• AIM OF THE EXERCISE
Once the line containing "Titel: 1873 års" is found in the entries below, reproduce it and every line after it, stopping at and including the line containing "本匿名組合契約における金銭に"; reproduce nothing else, and keep each line exact.

### INPUT MATERIAL ###

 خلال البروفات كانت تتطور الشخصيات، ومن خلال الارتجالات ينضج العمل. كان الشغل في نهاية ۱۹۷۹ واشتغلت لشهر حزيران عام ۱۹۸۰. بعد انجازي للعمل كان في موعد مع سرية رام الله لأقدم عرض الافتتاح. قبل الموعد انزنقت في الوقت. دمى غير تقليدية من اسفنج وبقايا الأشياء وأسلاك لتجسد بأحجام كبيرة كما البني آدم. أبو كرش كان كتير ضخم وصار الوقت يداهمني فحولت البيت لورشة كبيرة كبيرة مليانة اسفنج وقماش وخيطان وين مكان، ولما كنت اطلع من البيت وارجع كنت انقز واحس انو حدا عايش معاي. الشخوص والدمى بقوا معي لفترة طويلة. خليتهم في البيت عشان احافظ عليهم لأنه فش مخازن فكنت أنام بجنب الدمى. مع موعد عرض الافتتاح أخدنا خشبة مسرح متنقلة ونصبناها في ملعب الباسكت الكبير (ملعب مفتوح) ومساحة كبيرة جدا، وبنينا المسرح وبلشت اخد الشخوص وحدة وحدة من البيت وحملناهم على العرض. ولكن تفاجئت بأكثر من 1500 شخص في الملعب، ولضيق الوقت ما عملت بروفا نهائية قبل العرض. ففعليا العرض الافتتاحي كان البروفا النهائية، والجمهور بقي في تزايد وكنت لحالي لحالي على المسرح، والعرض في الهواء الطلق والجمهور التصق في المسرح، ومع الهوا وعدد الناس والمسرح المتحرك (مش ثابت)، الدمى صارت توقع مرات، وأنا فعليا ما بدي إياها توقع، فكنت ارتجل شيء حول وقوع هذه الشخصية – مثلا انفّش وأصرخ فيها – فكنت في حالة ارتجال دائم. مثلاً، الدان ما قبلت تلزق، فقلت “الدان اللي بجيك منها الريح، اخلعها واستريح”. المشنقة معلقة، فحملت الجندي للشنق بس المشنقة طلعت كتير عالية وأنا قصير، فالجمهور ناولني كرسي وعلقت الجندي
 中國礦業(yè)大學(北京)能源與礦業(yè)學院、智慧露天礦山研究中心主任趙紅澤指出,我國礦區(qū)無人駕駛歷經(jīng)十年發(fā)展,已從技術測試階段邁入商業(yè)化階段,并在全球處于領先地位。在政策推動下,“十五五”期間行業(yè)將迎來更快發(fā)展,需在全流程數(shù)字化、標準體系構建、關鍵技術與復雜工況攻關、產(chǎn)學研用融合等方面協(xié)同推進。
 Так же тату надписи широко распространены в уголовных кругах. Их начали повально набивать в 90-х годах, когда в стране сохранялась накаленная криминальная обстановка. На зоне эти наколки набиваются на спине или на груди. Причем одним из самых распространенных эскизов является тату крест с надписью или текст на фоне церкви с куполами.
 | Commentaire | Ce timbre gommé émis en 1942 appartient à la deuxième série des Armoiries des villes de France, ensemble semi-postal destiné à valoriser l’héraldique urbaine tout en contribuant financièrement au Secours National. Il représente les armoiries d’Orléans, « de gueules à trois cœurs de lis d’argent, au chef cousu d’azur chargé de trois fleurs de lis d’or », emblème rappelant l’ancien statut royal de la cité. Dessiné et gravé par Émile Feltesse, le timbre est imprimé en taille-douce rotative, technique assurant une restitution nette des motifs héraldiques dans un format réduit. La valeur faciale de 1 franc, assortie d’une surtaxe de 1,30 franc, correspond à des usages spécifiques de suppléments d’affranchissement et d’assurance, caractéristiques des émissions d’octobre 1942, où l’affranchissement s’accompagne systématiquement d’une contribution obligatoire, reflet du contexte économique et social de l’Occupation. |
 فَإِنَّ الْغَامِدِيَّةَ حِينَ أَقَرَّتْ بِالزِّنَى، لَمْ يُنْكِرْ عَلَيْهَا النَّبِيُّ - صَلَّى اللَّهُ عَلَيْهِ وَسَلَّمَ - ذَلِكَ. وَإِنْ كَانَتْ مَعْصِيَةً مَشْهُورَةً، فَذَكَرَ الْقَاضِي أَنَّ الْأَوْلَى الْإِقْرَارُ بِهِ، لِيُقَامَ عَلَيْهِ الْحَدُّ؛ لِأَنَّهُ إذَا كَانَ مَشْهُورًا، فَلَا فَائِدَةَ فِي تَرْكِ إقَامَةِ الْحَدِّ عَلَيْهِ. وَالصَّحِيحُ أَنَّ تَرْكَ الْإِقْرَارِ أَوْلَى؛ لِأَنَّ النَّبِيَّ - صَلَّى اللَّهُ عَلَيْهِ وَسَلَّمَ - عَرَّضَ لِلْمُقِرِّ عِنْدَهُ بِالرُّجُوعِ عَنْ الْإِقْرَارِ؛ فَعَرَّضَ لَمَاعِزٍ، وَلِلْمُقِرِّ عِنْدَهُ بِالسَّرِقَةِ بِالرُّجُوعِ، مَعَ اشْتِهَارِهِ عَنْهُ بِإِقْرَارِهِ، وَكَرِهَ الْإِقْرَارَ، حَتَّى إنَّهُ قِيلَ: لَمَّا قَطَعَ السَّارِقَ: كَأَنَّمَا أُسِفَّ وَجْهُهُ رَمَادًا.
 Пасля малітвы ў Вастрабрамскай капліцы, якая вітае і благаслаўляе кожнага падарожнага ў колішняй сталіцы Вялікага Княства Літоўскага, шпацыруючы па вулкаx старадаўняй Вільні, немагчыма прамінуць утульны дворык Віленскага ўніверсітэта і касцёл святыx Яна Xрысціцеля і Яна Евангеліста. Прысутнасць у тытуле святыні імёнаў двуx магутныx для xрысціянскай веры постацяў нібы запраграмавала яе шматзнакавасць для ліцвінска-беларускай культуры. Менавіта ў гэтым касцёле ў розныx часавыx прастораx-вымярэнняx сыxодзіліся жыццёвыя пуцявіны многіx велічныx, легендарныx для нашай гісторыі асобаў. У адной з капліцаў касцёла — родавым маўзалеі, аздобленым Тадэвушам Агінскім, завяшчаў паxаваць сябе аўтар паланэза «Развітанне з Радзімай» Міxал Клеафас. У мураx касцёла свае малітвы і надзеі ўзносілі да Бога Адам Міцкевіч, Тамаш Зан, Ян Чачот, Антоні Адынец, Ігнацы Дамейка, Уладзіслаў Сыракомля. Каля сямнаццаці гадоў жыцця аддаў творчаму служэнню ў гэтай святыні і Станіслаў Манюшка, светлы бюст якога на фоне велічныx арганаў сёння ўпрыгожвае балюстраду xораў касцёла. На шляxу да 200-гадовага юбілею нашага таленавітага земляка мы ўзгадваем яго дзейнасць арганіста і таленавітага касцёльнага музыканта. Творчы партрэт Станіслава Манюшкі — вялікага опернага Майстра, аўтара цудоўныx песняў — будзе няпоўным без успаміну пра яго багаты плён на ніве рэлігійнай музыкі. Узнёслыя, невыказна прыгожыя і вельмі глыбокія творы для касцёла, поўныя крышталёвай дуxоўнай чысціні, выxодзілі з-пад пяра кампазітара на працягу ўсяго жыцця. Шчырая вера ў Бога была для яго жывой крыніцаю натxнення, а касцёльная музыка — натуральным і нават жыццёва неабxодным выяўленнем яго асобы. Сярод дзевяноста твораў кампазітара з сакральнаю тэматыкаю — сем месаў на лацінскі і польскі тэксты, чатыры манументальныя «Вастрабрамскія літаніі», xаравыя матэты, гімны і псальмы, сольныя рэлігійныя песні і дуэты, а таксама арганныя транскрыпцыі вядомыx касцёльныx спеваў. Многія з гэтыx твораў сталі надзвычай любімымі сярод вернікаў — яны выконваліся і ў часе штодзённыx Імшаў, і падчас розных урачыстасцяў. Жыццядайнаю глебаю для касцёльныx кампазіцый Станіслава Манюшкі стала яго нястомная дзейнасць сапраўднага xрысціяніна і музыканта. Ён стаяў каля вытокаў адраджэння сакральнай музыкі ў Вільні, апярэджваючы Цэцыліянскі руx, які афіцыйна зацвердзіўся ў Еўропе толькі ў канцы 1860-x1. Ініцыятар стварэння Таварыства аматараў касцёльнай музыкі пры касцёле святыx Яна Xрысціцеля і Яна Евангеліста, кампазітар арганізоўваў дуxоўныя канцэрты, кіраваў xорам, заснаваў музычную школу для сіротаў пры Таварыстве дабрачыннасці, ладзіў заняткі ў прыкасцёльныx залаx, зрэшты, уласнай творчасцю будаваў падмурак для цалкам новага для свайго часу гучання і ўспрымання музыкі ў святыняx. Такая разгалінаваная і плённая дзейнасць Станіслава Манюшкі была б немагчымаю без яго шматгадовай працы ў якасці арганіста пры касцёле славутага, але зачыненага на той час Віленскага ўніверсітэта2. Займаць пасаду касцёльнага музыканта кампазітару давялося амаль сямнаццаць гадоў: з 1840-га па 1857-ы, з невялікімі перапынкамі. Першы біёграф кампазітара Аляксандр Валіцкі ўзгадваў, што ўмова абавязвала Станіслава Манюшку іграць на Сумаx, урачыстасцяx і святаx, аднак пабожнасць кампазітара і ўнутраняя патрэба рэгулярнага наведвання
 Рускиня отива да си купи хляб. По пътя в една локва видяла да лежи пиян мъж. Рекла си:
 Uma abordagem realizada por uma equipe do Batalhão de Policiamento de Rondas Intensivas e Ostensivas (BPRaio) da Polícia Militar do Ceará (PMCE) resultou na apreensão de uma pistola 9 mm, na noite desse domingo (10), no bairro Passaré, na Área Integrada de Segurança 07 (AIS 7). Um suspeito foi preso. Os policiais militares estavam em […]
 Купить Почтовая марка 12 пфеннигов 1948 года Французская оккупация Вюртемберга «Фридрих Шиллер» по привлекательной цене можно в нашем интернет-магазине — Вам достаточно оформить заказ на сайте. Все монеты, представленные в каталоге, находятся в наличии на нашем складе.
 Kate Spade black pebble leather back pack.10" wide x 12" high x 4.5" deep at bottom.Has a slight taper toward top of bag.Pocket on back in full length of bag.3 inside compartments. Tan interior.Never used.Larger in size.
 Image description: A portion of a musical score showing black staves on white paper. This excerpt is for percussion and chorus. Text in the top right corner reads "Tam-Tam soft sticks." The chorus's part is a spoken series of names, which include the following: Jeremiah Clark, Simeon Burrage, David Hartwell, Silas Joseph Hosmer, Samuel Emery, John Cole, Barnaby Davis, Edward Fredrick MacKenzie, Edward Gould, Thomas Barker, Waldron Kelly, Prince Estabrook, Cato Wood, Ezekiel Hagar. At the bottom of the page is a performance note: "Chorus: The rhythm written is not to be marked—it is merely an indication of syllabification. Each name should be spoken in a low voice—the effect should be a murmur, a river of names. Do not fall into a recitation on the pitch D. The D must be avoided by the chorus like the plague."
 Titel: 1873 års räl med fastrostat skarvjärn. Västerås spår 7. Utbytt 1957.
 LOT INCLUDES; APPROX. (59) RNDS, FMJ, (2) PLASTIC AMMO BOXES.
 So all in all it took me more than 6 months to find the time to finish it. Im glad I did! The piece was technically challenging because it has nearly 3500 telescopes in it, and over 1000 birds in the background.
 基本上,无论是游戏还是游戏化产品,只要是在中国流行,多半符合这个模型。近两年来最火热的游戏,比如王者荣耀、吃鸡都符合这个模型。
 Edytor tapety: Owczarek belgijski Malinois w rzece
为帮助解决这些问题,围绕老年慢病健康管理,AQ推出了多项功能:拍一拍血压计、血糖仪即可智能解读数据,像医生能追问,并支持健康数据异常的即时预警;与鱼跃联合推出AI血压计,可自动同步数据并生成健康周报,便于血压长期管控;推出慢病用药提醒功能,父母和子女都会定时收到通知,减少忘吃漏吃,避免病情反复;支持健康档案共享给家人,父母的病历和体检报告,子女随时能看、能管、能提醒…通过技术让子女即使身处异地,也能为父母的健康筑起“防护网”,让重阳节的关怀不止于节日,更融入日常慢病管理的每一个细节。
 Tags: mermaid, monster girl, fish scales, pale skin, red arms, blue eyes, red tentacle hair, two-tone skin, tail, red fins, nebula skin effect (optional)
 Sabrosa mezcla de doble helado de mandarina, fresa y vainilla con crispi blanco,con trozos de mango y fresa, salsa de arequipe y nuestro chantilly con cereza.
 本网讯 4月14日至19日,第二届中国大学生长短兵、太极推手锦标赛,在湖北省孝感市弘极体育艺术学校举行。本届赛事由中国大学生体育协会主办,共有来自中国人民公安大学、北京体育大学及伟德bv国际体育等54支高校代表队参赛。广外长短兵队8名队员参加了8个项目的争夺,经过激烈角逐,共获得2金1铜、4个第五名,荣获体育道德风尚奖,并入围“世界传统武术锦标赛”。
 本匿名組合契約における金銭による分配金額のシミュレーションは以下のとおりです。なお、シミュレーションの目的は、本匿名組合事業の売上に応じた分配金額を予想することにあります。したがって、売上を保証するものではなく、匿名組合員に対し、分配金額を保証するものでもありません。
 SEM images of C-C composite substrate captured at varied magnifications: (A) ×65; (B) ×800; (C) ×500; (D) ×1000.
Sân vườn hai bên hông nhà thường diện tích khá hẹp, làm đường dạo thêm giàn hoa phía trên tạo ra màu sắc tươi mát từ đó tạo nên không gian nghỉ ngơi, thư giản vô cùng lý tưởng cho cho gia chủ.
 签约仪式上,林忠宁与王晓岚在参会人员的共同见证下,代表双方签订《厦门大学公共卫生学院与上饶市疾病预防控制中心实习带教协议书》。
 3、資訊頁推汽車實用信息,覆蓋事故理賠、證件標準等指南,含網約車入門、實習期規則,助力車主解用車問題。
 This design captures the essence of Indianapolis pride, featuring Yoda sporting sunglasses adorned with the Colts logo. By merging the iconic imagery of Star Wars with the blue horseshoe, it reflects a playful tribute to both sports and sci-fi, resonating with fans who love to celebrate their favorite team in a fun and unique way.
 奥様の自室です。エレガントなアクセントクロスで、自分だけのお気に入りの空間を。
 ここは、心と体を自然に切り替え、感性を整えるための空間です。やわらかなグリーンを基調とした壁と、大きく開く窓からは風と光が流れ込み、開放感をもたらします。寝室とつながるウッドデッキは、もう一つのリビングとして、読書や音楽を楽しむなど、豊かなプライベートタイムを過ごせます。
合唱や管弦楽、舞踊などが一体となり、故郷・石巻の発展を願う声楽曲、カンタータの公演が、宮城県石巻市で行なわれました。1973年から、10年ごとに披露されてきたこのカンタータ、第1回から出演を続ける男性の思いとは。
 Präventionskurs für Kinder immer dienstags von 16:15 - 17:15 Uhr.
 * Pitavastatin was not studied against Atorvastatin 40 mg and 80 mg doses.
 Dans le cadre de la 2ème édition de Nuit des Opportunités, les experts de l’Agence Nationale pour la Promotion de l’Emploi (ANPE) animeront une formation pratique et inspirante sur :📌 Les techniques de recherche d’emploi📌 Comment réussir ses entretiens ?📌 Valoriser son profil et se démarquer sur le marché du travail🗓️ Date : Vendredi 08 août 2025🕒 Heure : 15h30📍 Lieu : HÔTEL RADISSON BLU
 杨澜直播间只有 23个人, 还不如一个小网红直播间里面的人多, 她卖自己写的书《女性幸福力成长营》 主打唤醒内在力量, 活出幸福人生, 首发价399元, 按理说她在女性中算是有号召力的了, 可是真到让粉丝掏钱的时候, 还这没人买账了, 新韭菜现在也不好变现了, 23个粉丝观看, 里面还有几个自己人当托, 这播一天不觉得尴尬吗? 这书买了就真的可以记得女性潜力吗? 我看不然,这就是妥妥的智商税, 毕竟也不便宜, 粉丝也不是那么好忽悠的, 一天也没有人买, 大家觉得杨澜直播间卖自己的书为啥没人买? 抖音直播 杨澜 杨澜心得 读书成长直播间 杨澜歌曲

###

• COMPLETED EXERCISE
 Titel: 1873 års räl med fastrostat skarvjärn. Västerås spår 7. Utbytt 1957.
 LOT INCLUDES; APPROX. (59) RNDS, FMJ, (2) PLASTIC AMMO BOXES.
 So all in all it took me more than 6 months to find the time to finish it. Im glad I did! The piece was technically challenging because it has nearly 3500 telescopes in it, and over 1000 birds in the background.
 基本上,无论是游戏还是游戏化产品,只要是在中国流行,多半符合这个模型。近两年来最火热的游戏,比如王者荣耀、吃鸡都符合这个模型。
 Edytor tapety: Owczarek belgijski Malinois w rzece
为帮助解决这些问题,围绕老年慢病健康管理,AQ推出了多项功能:拍一拍血压计、血糖仪即可智能解读数据,像医生能追问,并支持健康数据异常的即时预警;与鱼跃联合推出AI血压计,可自动同步数据并生成健康周报,便于血压长期管控;推出慢病用药提醒功能,父母和子女都会定时收到通知,减少忘吃漏吃,避免病情反复;支持健康档案共享给家人,父母的病历和体检报告,子女随时能看、能管、能提醒…通过技术让子女即使身处异地,也能为父母的健康筑起“防护网”,让重阳节的关怀不止于节日,更融入日常慢病管理的每一个细节。
 Tags: mermaid, monster girl, fish scales, pale skin, red arms, blue eyes, red tentacle hair, two-tone skin, tail, red fins, nebula skin effect (optional)
 Sabrosa mezcla de doble helado de mandarina, fresa y vainilla con crispi blanco,con trozos de mango y fresa, salsa de arequipe y nuestro chantilly con cereza.
 本网讯 4月14日至19日,第二届中国大学生长短兵、太极推手锦标赛,在湖北省孝感市弘极体育艺术学校举行。本届赛事由中国大学生体育协会主办,共有来自中国人民公安大学、北京体育大学及伟德bv国际体育等54支高校代表队参赛。广外长短兵队8名队员参加了8个项目的争夺,经过激烈角逐,共获得2金1铜、4个第五名,荣获体育道德风尚奖,并入围“世界传统武术锦标赛”。
 本匿名組合契約における金銭による分配金額のシミュレーションは以下のとおりです。なお、シミュレーションの目的は、本匿名組合事業の売上に応じた分配金額を予想することにあります。したがって、売上を保証するものではなく、匿名組合員に対し、分配金額を保証するものでもありません。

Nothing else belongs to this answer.